Any help is greatly appreciated, a buddy gave me this log burl and wasn't sure what type of wood it was and I can't seem to pinpoint it down. So if anyone can tell me what wood I have here and if for fact this looks like a burl I would really be greatful! I use this type of wood for my knife handles and can't sell a knife without a known material.. I have a feeling it looks like Black Ash, came from central Maine if that helps!


----------



## lndfilwiz (Jan 7, 2014)

The bark makes me think that it is black cherry.


----------



## Maineknivesbynelson (Sep 26, 2017)

After cutting it some..


----------



## pontic (Sep 25, 2016)

Looks like cherry to me


----------



## AlaskaGuy (Jan 29, 2012)

It would be be helpful if people would say where you got the wood. Example If you said you got that wood in Wasilla Alaska I could immediately rule out cherry and many more.


----------



## Maineknivesbynelson (Sep 26, 2017)

Alaska guy, the first post says it came from central Maine..


----------



## WDHLT15 (Aug 15, 2011)

It is cherry.


----------



## TheFridge (May 1, 2014)

> It is alder.
> 
> - WDHLT15


Ditto


----------



## AlaskaGuy (Jan 29, 2012)

> Alaska guy, the first post says it came from central Maine..
> 
> - Maineknivesbynelson


Thanks for the heads up.
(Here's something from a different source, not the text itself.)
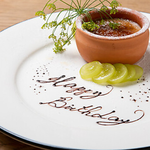 ご友人やパートナーのt何常備、記念日に嬉しい記念日プレートのご準備を承っております!お気軽にご予約ください。

I guess I missed that.


----------



## WDHLT15 (Aug 15, 2011)

TheFridge,

You rascal!


----------



## TheFridge (May 1, 2014)




----------



## LesB (Dec 21, 2008)

Looking at the growth rings it is obviously a fast growing tree and with the color it suggests that it may be from the Plum or Prune group, including flowing varieties.


----------